The most ambitious piece is the Monetization Gateway, which will let a site charge for any resource behind Cloudflare, a web page, a dataset, an API, or even a tool exposed over the Model Context Protocol, with charges settling in stablecoins over the open x402 protocol and no payment stack for the publisher to build. Early partners include Ceramic.ai and You.com. If it works, Cloudflare is not just defending publishers, it is constructing the toll infrastructure for a machine to machine web where value moves in tiny automated payments.
The Bid to Become Infrastructure
Read together, these moves are a bid for Cloudflare to become the economic layer of the AI web, the place where access is negotiated and value is settled between the entities that produce content and the AI systems that consume it. Cloudflare is uniquely positioned to attempt this because it already sits in front of a huge fraction of the internet, seeing the traffic, classifying the bots, and holding the technical leverage to block or meter them. Payment rails are only credible if you also control the gate, and Cloudflare controls a great many gates.
That position is powerful and, for some, uncomfortable. A single company deciding the default terms on which AI can access the web, and building the marketplace where that access is priced, concentrates enormous influence over the flow of information and money online. Cloudflare frames itself as acting on behalf of publishers against extractive AI companies, and there is truth in that.

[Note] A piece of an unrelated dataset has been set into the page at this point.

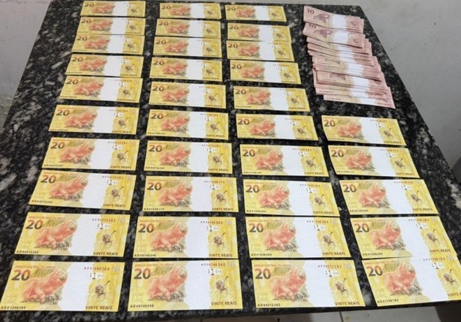 A encomenda endereçada ao investigado continha o valor de R$ 1.210 em notas falsificadas, sendo cédulas de diferentes valores e com números de série variados.
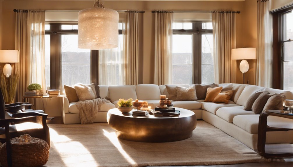 Aby stworzyć przytulny salon, warto skupić się na ciepłym, warstwowym oświetleniu. Użyj żarówek w zakresie 2700K do 3000K, aby uzyskać zapraszający blask. Wprowadź lampy podłogowe i stołowe, aby dodać miękkiego światła ambientowego, umieszczając je w pobliżu miejsc do siedzenia, aby stworzyć przyjazną atmosferę. Rozważ oświetlenie akcentujące, takie jak lampki choinkowe lub kinkiety, aby podkreślić dekoracje. Upewnij się, że używasz ściemniaczy, aby dostosować jasność w zależności od nastroju. Mieszanie różnych źródeł światła również dodaje głębi i ciepła twojej przestrzeni. Jest jeszcze wiele do odkrycia na temat tworzenia tej przytulnej atmosfery, więc kontynuuj!

But the same infrastructure that protects content creators also positions Cloudflare as a toll collector on the AI economy, a role that will attract scrutiny as it grows.
The Publishers' Dilemma
For publishers, Cloudflare's tools are a lifeline and a gamble at once. The lifeline is obvious: a mechanism to reclaim value from AI systems that have been consuming their work for free and, increasingly, answering users' questions directly so the visit never happens. For a media industry battered by exactly that dynamic, the ability to block or charge machine access is the first real leverage it has been handed in years, and many will grab it. The gamble is subtler and concerns what happens to reach.
Blocking crawlers protects content but also risks invisibility in the AI answer engines that a growing share of users now rely on to find information. A publisher that walls off its content entirely may preserve its rights while vanishing from the surfaces where audiences increasingly form. The strategic task becomes deciding which crawlers to allow, at what price, and for what purpose, a genuinely difficult optimization that Cloudflare's classification tools are meant to enable. The technology gives publishers choices they lacked, but it does not make the choices easy, and getting them wrong cuts in both directions.
What Builders Should Take Away
For engineers and product leaders, this is a signal to design for a web where crawler access is negotiated and metered rather than assumed. If you build systems that depend on freely scraping the open web, the ground is shifting under you, and the era of unlimited, unpriced access is ending. Conversely, if you produce valuable content or data, the tooling to charge for machine access is arriving, and ignoring it means continuing to subsidize the AI systems that consume your work.
The deeper shift is architectural. A web that settles micropayments between bots over open protocols, that exposes datasets and even MCP tools as paid resources, is a materially different platform to build on than the free and open web most engineers grew up with. Whether Cloudflare specifically becomes its economic layer is less certain than the direction itself. The unpriced, human centric web is giving way to a metered, machine centric one, and the teams that understand the new economics early will build the businesses that thrive in it.